======== Source data ========

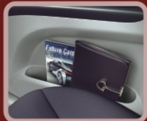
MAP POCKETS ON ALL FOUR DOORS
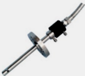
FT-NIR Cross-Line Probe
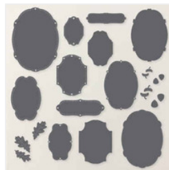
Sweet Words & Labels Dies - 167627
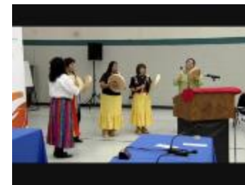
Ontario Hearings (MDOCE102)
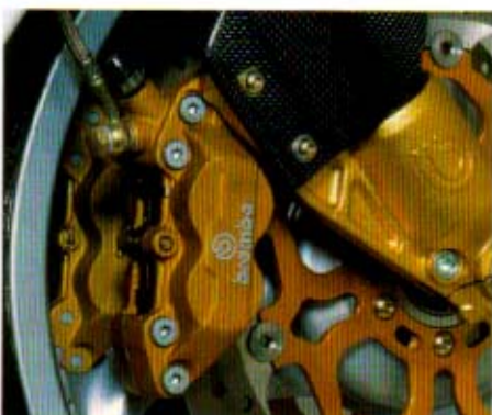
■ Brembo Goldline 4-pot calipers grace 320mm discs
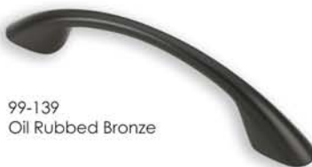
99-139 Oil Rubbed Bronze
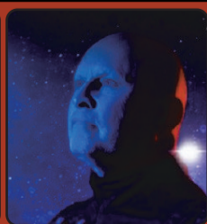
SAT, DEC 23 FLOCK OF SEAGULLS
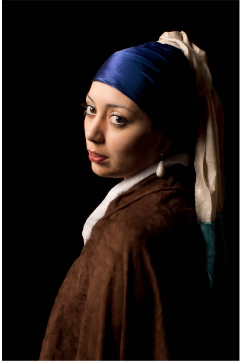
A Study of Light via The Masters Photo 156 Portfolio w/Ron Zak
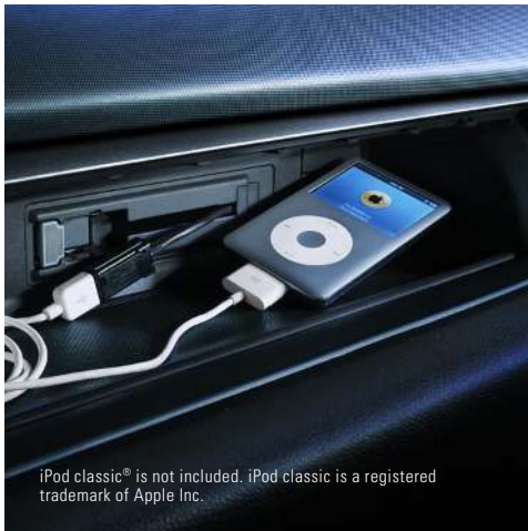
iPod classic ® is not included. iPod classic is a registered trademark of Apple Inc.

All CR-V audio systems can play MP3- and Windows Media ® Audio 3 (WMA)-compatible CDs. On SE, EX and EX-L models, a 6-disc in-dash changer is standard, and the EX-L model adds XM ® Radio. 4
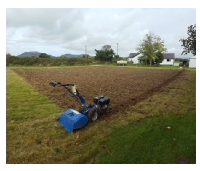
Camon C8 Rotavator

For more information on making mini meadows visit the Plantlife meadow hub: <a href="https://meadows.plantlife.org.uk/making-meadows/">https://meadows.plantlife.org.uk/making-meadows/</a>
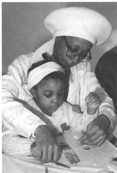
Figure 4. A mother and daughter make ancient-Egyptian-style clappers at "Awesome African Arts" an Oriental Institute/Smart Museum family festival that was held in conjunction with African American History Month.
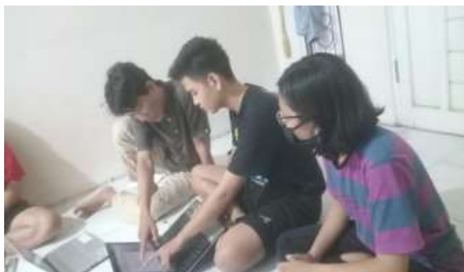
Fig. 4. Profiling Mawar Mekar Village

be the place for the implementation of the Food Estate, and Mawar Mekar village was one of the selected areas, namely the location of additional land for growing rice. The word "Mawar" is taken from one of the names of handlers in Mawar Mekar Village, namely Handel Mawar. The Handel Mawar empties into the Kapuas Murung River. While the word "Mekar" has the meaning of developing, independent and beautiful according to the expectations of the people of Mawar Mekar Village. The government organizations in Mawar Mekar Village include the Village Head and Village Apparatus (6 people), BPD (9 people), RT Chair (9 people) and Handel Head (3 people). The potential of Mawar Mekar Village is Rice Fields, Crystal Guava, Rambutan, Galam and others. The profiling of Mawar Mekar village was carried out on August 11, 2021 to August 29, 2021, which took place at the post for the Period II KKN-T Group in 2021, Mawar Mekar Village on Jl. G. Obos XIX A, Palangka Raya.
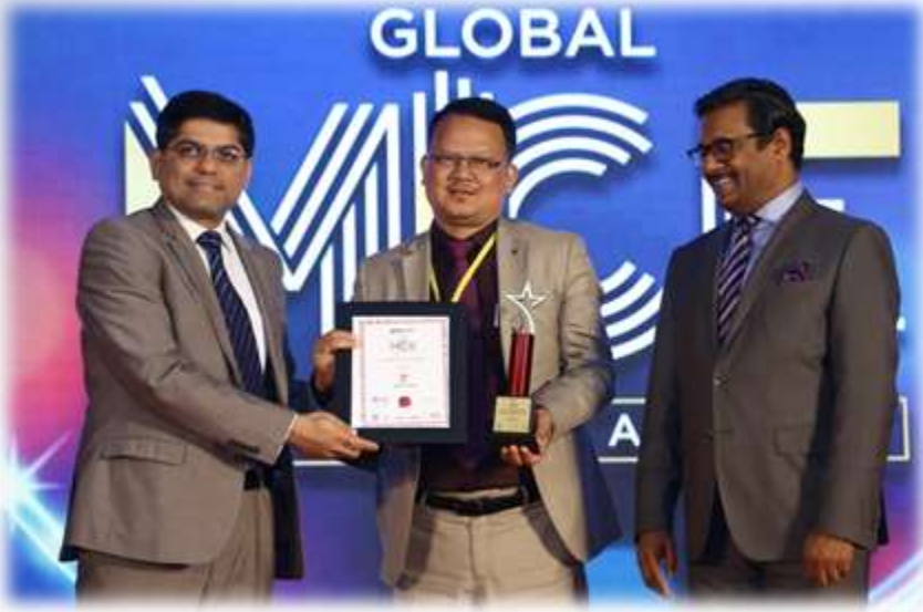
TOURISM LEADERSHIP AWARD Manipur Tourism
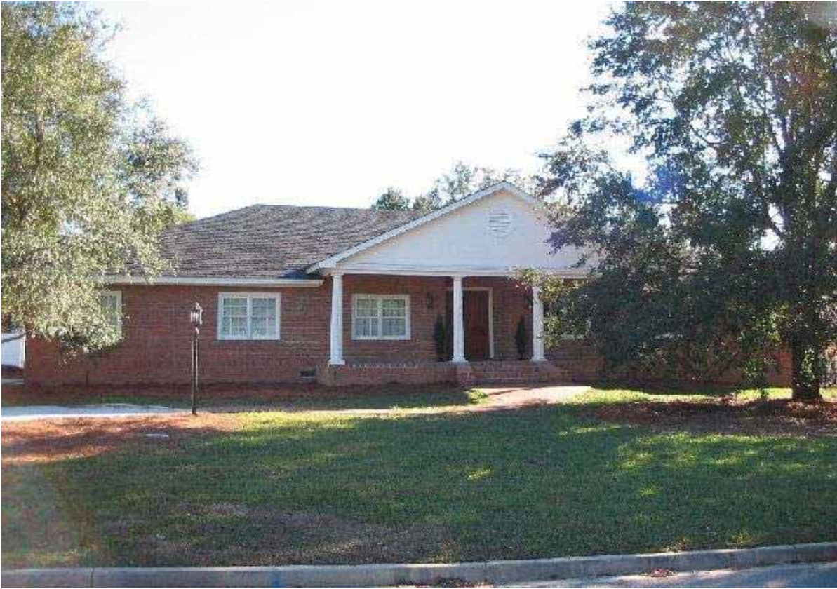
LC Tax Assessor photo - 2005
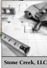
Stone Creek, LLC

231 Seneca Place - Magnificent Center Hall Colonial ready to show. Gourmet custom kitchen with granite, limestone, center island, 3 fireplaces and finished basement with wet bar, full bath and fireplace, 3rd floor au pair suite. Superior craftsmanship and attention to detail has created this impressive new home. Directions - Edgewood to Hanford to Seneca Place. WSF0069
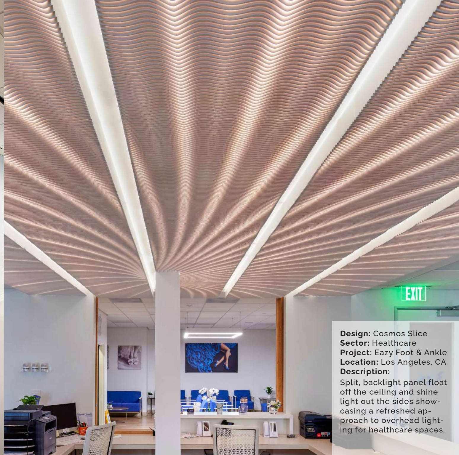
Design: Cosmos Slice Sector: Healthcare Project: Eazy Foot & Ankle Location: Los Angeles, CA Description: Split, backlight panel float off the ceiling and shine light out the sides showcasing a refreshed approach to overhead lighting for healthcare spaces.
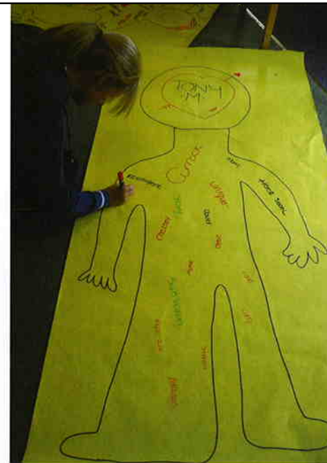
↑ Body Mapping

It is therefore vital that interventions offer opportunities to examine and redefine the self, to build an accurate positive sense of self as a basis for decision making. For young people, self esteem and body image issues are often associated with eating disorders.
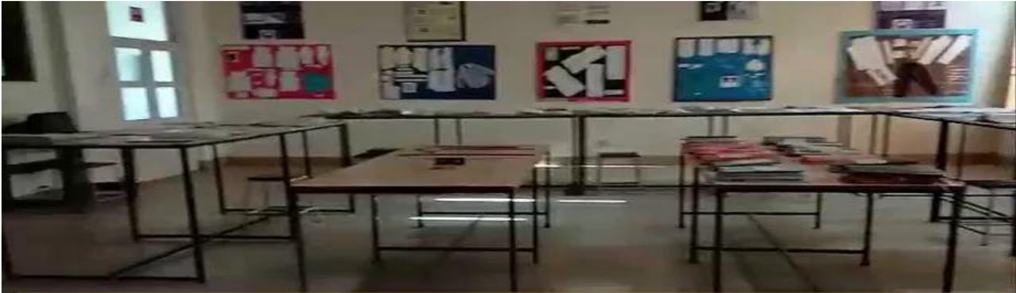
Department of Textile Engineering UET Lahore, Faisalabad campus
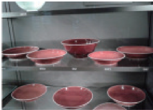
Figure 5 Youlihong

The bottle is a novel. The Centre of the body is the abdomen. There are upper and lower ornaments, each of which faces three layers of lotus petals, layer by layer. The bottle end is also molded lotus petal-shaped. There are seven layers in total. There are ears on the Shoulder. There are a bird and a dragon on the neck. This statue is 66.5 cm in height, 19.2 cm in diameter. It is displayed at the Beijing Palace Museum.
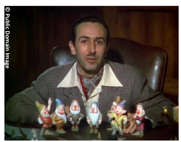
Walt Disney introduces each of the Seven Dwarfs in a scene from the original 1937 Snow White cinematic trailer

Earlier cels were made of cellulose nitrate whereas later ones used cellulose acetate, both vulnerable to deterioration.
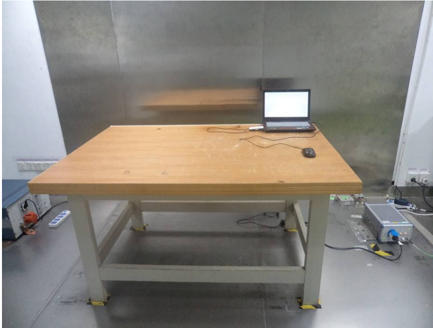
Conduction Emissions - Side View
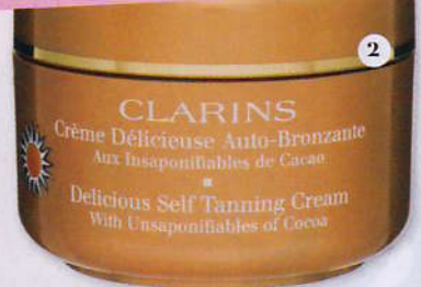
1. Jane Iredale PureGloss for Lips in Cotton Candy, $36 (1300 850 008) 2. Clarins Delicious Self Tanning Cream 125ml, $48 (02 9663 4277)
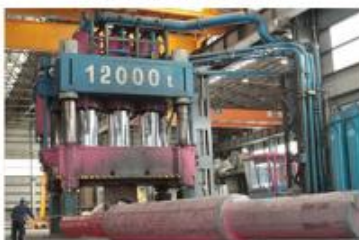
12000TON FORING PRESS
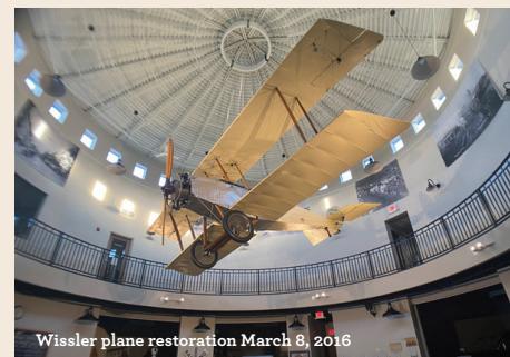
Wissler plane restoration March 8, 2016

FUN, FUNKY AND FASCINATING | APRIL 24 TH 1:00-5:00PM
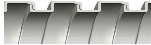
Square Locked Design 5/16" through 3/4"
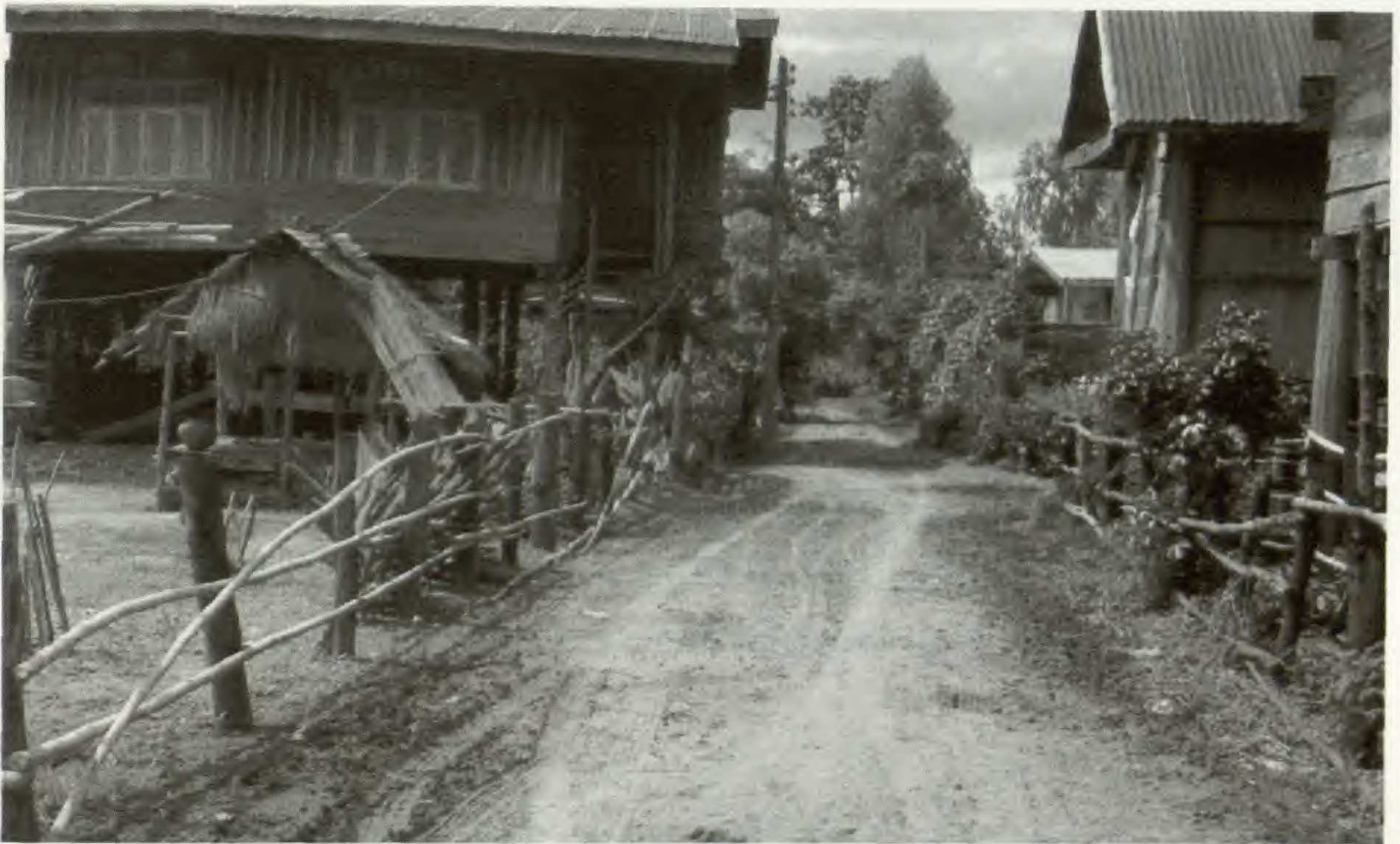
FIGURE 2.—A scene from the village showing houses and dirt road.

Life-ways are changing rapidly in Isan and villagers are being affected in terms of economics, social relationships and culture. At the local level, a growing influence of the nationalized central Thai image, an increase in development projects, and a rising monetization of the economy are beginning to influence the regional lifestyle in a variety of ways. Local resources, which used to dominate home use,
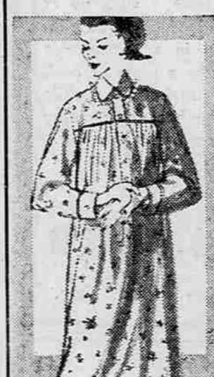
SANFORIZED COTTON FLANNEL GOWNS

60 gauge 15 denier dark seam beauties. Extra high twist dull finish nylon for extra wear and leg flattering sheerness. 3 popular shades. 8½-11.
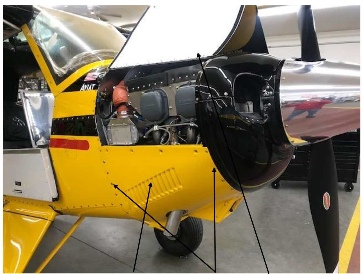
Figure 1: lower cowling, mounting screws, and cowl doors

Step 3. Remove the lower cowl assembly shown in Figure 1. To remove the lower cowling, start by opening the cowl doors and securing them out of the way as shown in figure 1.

========

Assigned task = For each line above that has the word "making", add one to a tally, and report the final tally alone.

Answer = 2